There’s the type of outdoorsy badass who accomplishes a noteworthy feat for the bragging rights. Then there’s the kind of badass who — like John Muir, Mary Austin or Norman Clyde — follows the tug of nature to the source of its extremes because he just can’t help himself, lives to tell the tale, and tells it beautifully.
Daniel Arnold is part of the latter group of badasses. His new book, “Salt to Summit: A Vagabond Journey from Death Valley to Mount Whitney,” combines his passion for adventure with his talents as a wordsmith. Eastside readers might be familiar with his previous work,
“Early Days in the Range of Light” (Counterpoint, $24.95), in which he retraces the footsteps of climbing legends through the Sierra.

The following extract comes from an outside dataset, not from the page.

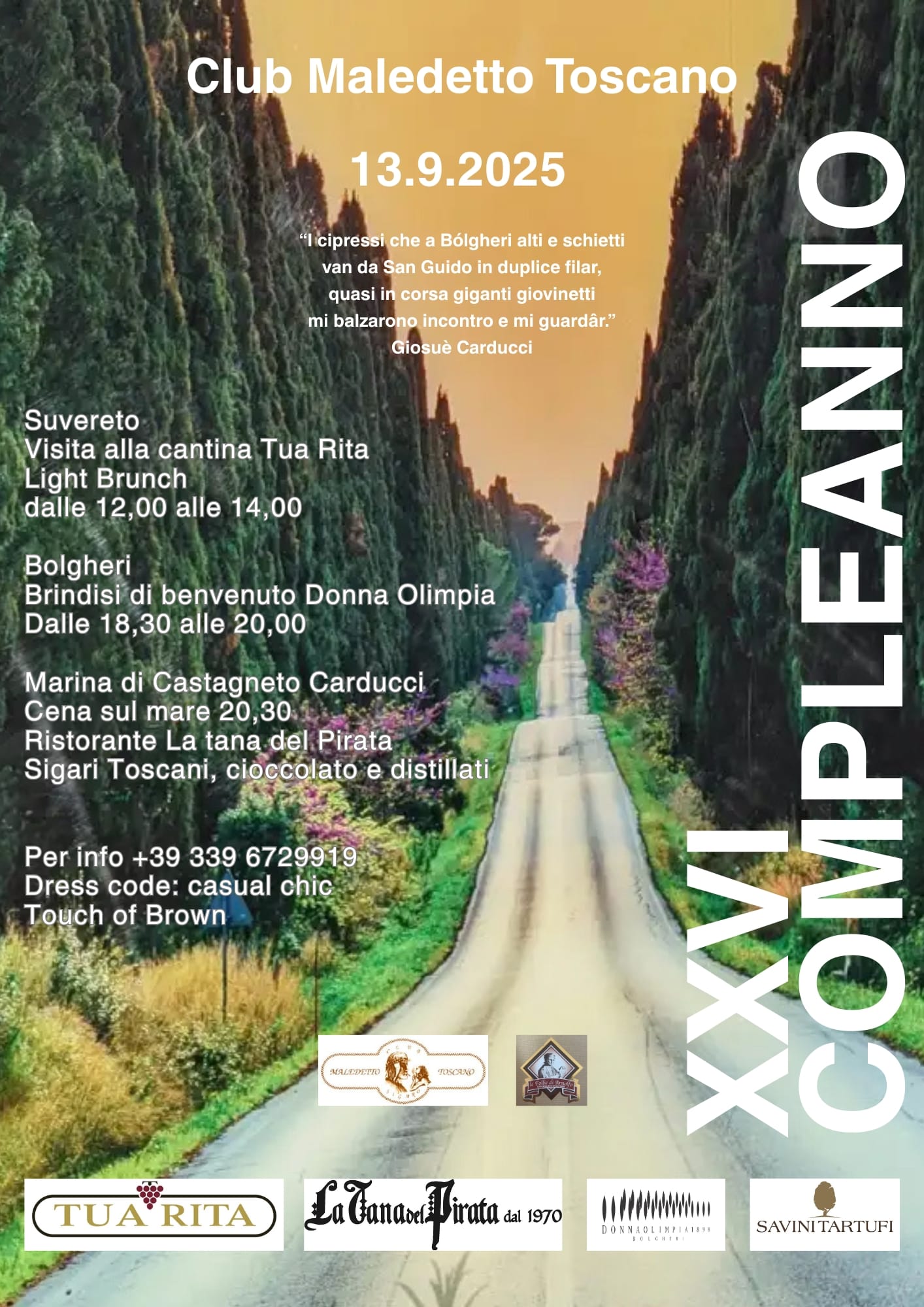 Il ricco e lungo programma della giornata. Per festeggiare i ventisei anni, il Club Maledetto Toscano ha deciso di coinvolgere tutti gli appassionati sabato 13 settembre. Si parte dal mattino, alle ore 12, con la visita alla Cantina Tua Rita di Suvereto dove in abbinamento ai vini della tenuta sarà servito anche un light brunch. Nel pomeriggio, alle 18.30, l’appuntamento è a Bolgheri con il brindisi di benvenuto da Donna Olimpia. La cena si svolgerà invece sul mare, al ristorante La tana del Pirata di Castagneto Carducci dove Stefania e Paolo Pani accoglieranno gli ospiti a partire dalle 20.30. Dopo l’aperitivo a bordo piscina, una cena dedicata al mare con tre piatti. A seguire poi la meditazione, le stelle e la convivialità. Direttamente dal Caveau del Maledetto Toscano di Foiano della Chiana una selezione di sigari di grande livello e valore storico. In queste tre occasioni saranno come sempre coinvolti partner storici e nuovi che hanno in questi anni partecipato alle iniziative del club. In particolare, per la cena saranno presenti i tartufi di Savini Tartufi, poi la Cioccolateria di Arnolfo da Colle di Val d’Elsa con tre tipologie di cioccolato: uno al sale di Volterra, uno al gusto Cipresso e una con il vino, in perfetta toscanità. Si potrà scegliere di partecipare ai singoli appuntamenti o a tutta la giornata. Per informazioni e prenotazioni contattare il numero 339 6729919.

In “Salt to Summit,” Arnold recounts his expedition from Badwater Basin in Death Valley to the summit of Mount Whitney. A distance of 80 air miles and an elevation gain of 14,787 feet, the 17-day journey takes him from the lowest point in the Western Hemisphere to the tallest point in the contiguous United States. Arnold recognized this poetic proximity of extremes as a teenager, thinking, “. . . this must be the perfect way to climb a mountain. Start at the very bottom, and end at the very top. What more could a mountaineer want?”

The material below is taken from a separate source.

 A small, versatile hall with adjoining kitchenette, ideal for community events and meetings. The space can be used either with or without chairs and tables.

In a fashion familiar to readers of Early Days in the Range of Light, Arnold self-imposes obstacles to make is journey more difficult. Rather than travel the paved route from Badwater to Whitney, he forges his own path, avoiding roads and trails when possible. He leaves in April, a month when Death Valley smolders and Mount Whitney is still snow-capped. He carries little more than what the early travelers would have brought: no GPS device, no tent and a grown-out beard for sun block.
Schlepping 46 pounds of water, Arnold begins his trek from Badwater Basin: “Getting pinched between the salt and the sun here feels like hanging out in a jerking oven. It’s the apocalypse written by a banana slug.” Fighting the tricks of the desert and mountains, Arnold makes his way across salt flats, through slot canyons, and up precipitously steep rock and ice.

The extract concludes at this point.